Data extract -
=== Section Start ===

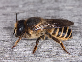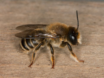 Ein Weibchen beim Verschließen seines Nestes in einer Bohrung eines Holzblocks. Baumaterial: Lehm.
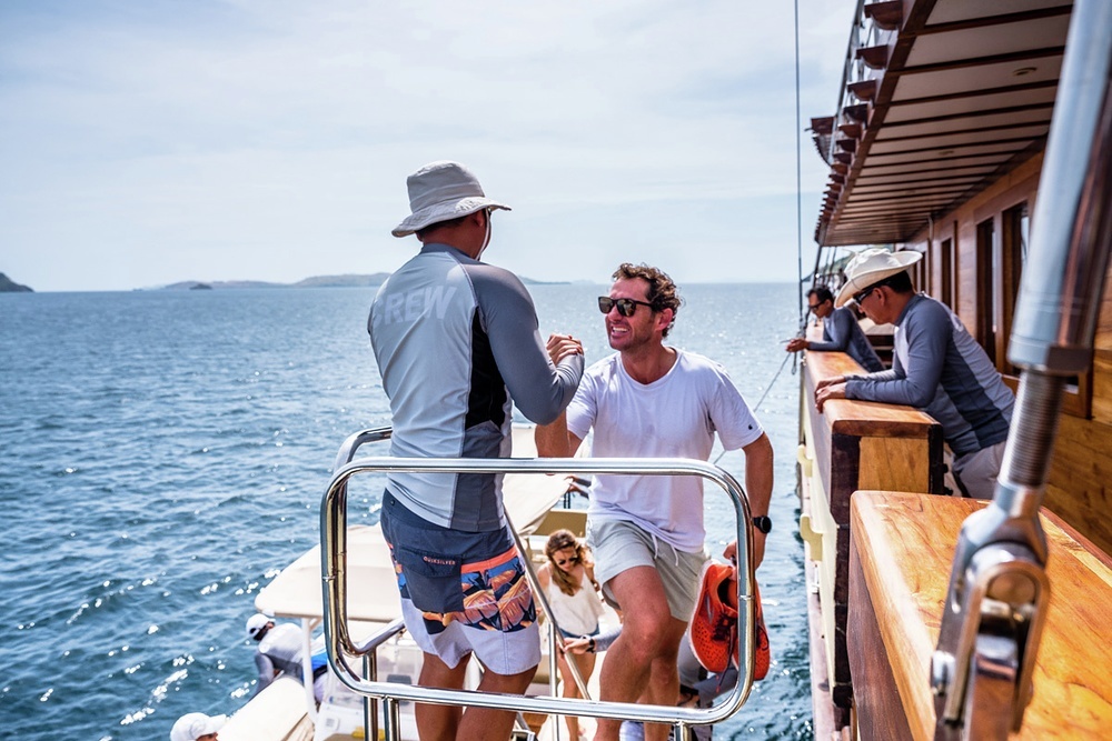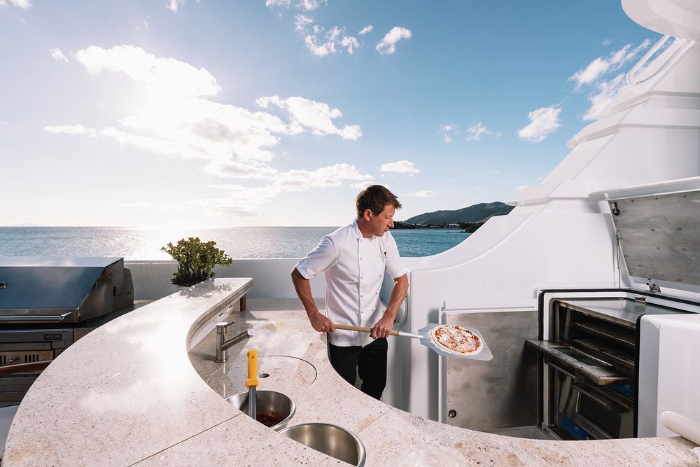 After breakfast, it’s time to dive into the day – literally. With every watertoy you can imagine at the ready, the ocean becomes one big playground. Little ones can snorkel near the reef, while older kids test out the SeaBobs, waterskis or go head-to-head on inflatable obstacle courses. There’s space for quiet wonder too – drifting over coral gardens, feeding stingrays in the shallows, or spotting dolphins surfing the yacht’s wake.
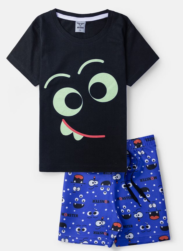 A blusa de manga curta, na cor preta, apresenta uma estampa encantadora de olhos de monstrinhos que brilham no escuro. Quando a luz se apaga, esses monstrinhos ganham vida, transformando a noite em um mundo mágico cheio de sorrisos e risos. O reforço de gola garante durabilidade, mesmo nas brincadeiras mais animadas.

=== Section End ===

When you retype the material above, keep every word exact and drop the images.

 Ein Weibchen beim Verschließen seines Nestes in einer Bohrung eines Holzblocks. Baumaterial: Lehm.
 After breakfast, it’s time to dive into the day – literally. With every watertoy you can imagine at the ready, the ocean becomes one big playground. Little ones can snorkel near the reef, while older kids test out the SeaBobs, waterskis or go head-to-head on inflatable obstacle courses. There’s space for quiet wonder too – drifting over coral gardens, feeding stingrays in the shallows, or spotting dolphins surfing the yacht’s wake.
 A blusa de manga curta, na cor preta, apresenta uma estampa encantadora de olhos de monstrinhos que brilham no escuro. Quando a luz se apaga, esses monstrinhos ganham vida, transformando a noite em um mundo mágico cheio de sorrisos e risos. O reforço de gola garante durabilidade, mesmo nas brincadeiras mais animadas.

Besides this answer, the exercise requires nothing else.